Random stuff I'm working on, in chronological order.

Video with 96 spheres. Doing 16x16 block probing on the CPU before rendering it on the GPU:

In the never ending hunt for more spheres, it's time to turn to the CPU for answers. It's mostly idling anwyay. Let the CPU check the corners of each 16x16 block of the display and determine if the area is covered by only spheres, only shadow plane/sky or both. This makes the GPU code significantly quicker, since half the code can be eliminated for most of the screen:

Corner checking takes around 6ms CPU time, so let a separate thread calculate that for the next frame while the current one is rendering. Synchronize it all with a barrier. Simple. This calls for an increase to 96 spheres at 60 fps (barely):

Code needs some work before publication.

There was a slight mishap in the raytracer code which makes some shadows disappear. It's noticeable in the video if you pay close attention to the shadows. The measurments are a bit off too, but it's still above 60 fps after fixing it, so I'm not gonna bother updating them. The GLSL source code in the GPU Hacks Article has been updated.

GPURay 1.7, 80 spheres at 60 fps on NVidia Tegra X1:

Music: 1992 Amiga Oktalyzer module by Jan Wegger.

There's an interesting pragma that can be used in NVidia GLSL code: #pragma optionNV (unroll all). Trying it on the raytracer gives interesting results: A huge assembler file that has no REP loops at all, and slightly quicker execution time.
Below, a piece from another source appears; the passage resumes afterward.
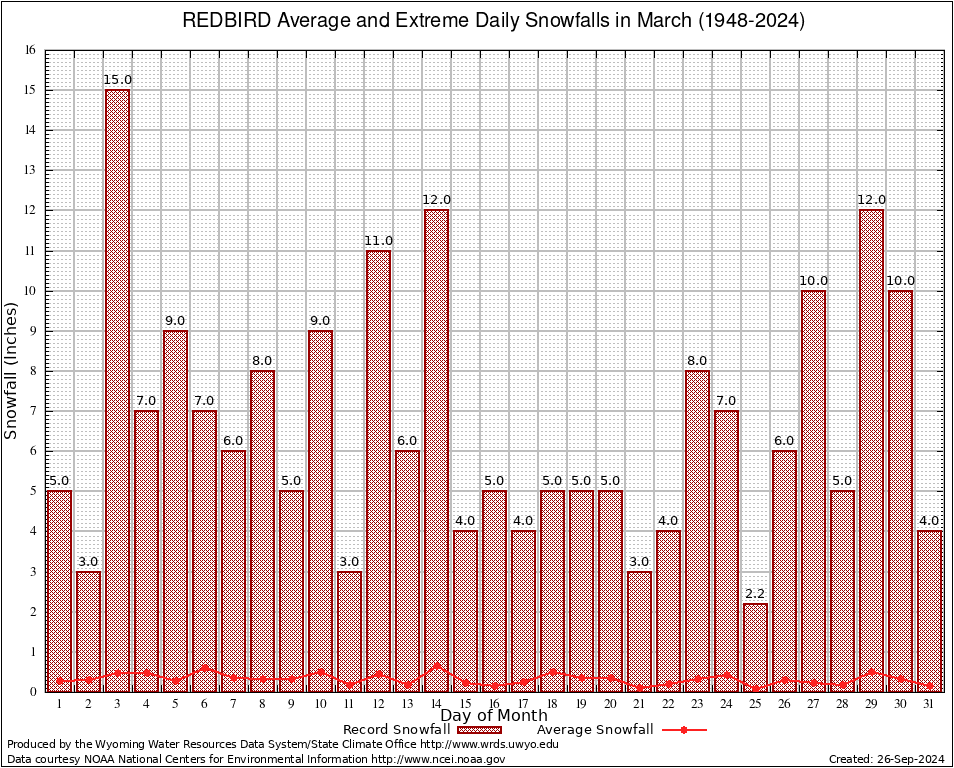 REDBIRD (487555) March Average and Extreme Daily Snowfall AMounts (1948-2024) To index page for REDBIRD

So the trick is to find the correct unroll level and do it manually. Earlier attempts were clearly too conservative. Automatic unrolling doesn't work if there's if() statements in the loop. After some trial and error it seems that 16 is a good unroll value for a target of 80 spheres. Since the unroll is greater, using vec4 in the second loops starts paying off too. Let's increase to 80 spheres and do a test run. Blue is old code, orange is unroll all and green is unroll 16 + vec4:

The loops end up looking like this:

// trace_ray() for( int i = 0; i < OBJNUM; i += 16 ) { vec3 v0, v1, v2, v3; vec4 b03, d03; bvec4 dv; // 0-3 v0 = ray_pos - obj_pos[i+0].xyz; v1 = ray_pos - obj_pos[i+1].xyz; v2 = ray_pos - obj_pos[i+2].xyz; v3 = ray_pos - obj_pos[i+3].xyz; b03 = vec4( dot( v0, ray_dir ), dot( v1, ray_dir ), dot( v2, ray_dir ), dot( v3, ray_dir ) ); d03 = vec4( b03.x * b03.x - dot( v0, v0 ) + obj_pos[i+0].w, b03.y * b03.y - dot( v1, v1 ) + obj_pos[i+1].w, b03.z * b03.z - dot( v2, v2 ) + obj_pos[i+2].w, b03.w * b03.w - dot( v3, v3 ) + obj_pos[i+3].w ); dv = greaterThan( d03, vec4( 0.0f ) ); if( any( dv ) ) { vec4 t03 = -b03 - sqrt( d03 ); dv = dv && greaterThan( t03, vec4( 0.0f ) ); if( dv.x && t03.x < rt_dist ) { rt_dist = t03.x; rt_hit = i+0; } if( dv.y && t03.y < rt_dist ) { rt_dist = t03.y; rt_hit = i+1; } if( dv.z && t03.z < rt_dist ) { rt_dist = t03.z; rt_hit = i+2; } if( dv.w && t03.w < rt_dist ) { rt_dist = t03.w; rt_hit = i+3; } } // ditto for 4-7,8-11,12-15... } // ... // check shadow int i; for( i = 0; i < OBJNUM; i += 16 ) { vec3 v0, v1, v2, v3; vec4 b03, d03; v0 = ray_pos - obj_pos[i+0].xyz; v1 = ray_pos - obj_pos[i+1].xyz; v2 = ray_pos - obj_pos[i+2].xyz; v3 = ray_pos - obj_pos[i+3].xyz; b03 = vec4( dot( v0, l ), dot( v1, l ), dot( v2, l ), dot( v3, l ) ); d03 = vec4( b03.x * b03.x - dot( v0, v0 ) + obj_pos[i+0].w, b03.y * b03.y - dot( v1, v1 ) + obj_pos[i+1].w, b03.z * b03.z - dot( v2, v2 ) + obj_pos[i+2].w, b03.w * b03.w - dot( v3, v3 ) + obj_pos[i+3].w ); if( any( greaterThan( d03, vec4( 0.0f ) ) ) ) break; // ditto for 4-7,8-11,12-15... }

An attempt to maximize the Tegra X1 GPU power usage. Around 11 watts is the current highscore while still looking cool:

One issue with the solution below is the excessive use of if()-arguments. By wrapping things up in vectors we can get most of them out of the way. greaterThan() etc. in OpenGL compiles to the corresponding sgt etc.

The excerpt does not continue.